Dore Gold: Ties with Sunni world growing quietly

But building these relationships needs to be done cautiously, he said, without necessarily making them public.

June 16, 2016 01:43
2 minute read.
Foreign Ministry Director-General Dore Gold

Foreign Ministry Director-General Dore Gold. (photo credit: AFP PHOTO)

Foreign Ministry director- general Dore Gold said at the 16th annual Herzliya Conference on Wednesday that there is a “strategic convergence” between Israel and the Sunni Arab world and that the Palestinian issue is at the bottom of priorities.

In a meeting with an unnamed Middle Eastern counterpart, Gold discovered that their talking points for their meeting were almost identical, with the Palestinian issue close to the bottom of the list of issues, he said during a panel discussing the region.

“I’m not trying to play football with the Palestinian issue, but in fact, on both papers, the Palestinian issue was not the No. 1 issue. It was pretty close to the bottom.”

That does not mean Israel should not try to get a breakthrough, “but we have to realize that isn’t any more of the currency with which you build ties in much of the Arab world, the Sunni world...20-30 years ago everyone said to solve the Palestinian issue and you will have peace with the Arab world.”

“And increasingly we are becoming convinced it is the exact opposite. It is a different order we have to create,” the top Israeli diplomat added.

We have many new opportunities, as “many countries to our east fear Iranian power,” he said.

But building these relationships needs to be done cautiously, he said, without necessarily making them public.

However, Ahmed Majdalani, a member of the PLO Executive Committee, called the Israeli government “the most right-wing” and poured cold water on any Israeli plans to normalize relations with the Arab world.

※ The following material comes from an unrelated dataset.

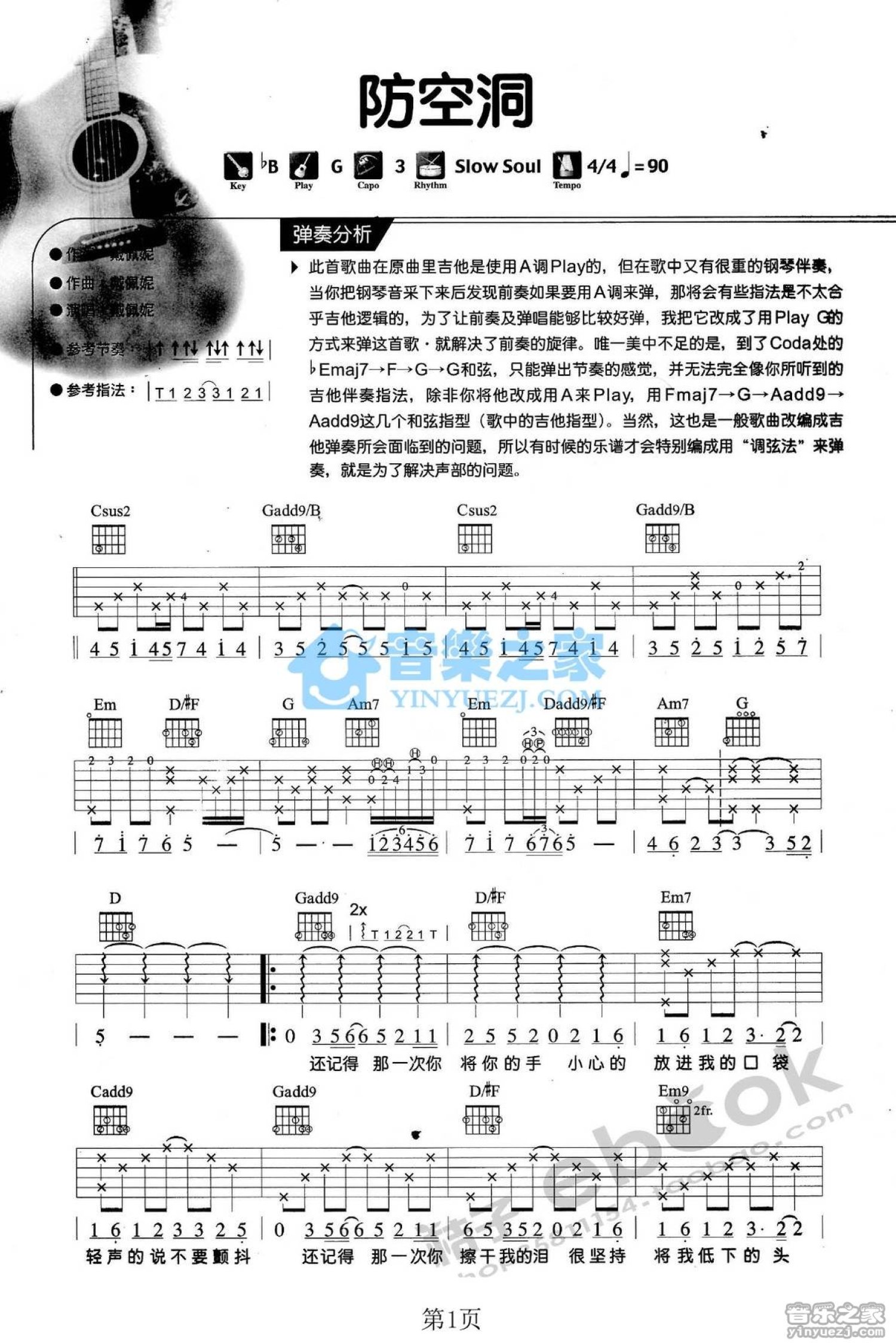 曲谱介绍: G调版 戴佩妮《防空洞》吉他弹唱六线谱

“Israel claims normalization with Arab countries is under way, but this is nothing but an attempt to mislead,” he asserted, going on to explain that this would not happen as long as there is no progress toward the creation of a Palestinian state.

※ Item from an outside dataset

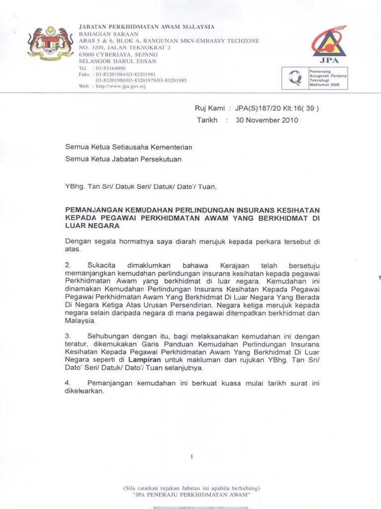 Lampiran a borang permohonan ke luar negara dan kemudahan perlindungan insurans kesihatan di luar negara atas urusan persendirian peliling. Dengan arahan surat pekeliling am bilangan 3 tahun 2012. 2 Kemudahan perlindungan insurans kesihatan kepada pegawai perkhidmatan.
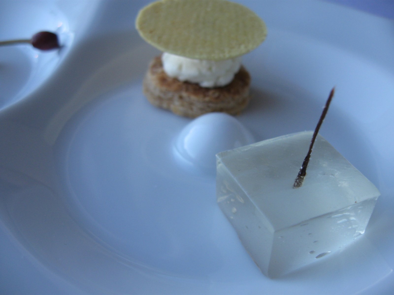 On another plate, there were two crunchy crackerly layers separated by a creamy filling; but the most memorable item on that plate was the gelatined martini cube:

Also on the panel, Edward Luttwak, a senior associate at the Center for Strategic and International Studies, argued that Iraq, Syria, and even Turkey would not remain the same territorial states as they once were and that their borders would be altered due to the ongoing regional violence.

Salman Shaikh, the former director of Brookings Doha Center and founder and CEO of the Shaikh Group, sought to play down the Shi’ite-Sunni dynamic of the conflict, saying that fundamentally the regional problems are political and have taken on sectarian overtones.

He asserted that Iran has the biggest influence in Syria, not Russia.

Josh Block, president and CEO of the Israel Project, noted that a Jordanian diplomat had told him that Turkey is funding Islamic State.

In a separate speech, Maj.- Gen. Herzi Halevi, head of IDF Intelligence, noted that unlike in the past when there were a few states, now there are many actors.

Regarding Iran he said, “The nuclear agreement was a great achievement for Iran, allowing them to be accepted among the world’s nations, and we believe they will honor it for the first few years.”

At the same time, continued Halevi, “Iran is investing great efforts against Israel,” including support for Hamas, Hezbollah, and Islamic Jihad.

On the Palestinian front, he said action by Israeli security forces has led to a drop in the number of terrorist attacks since last October.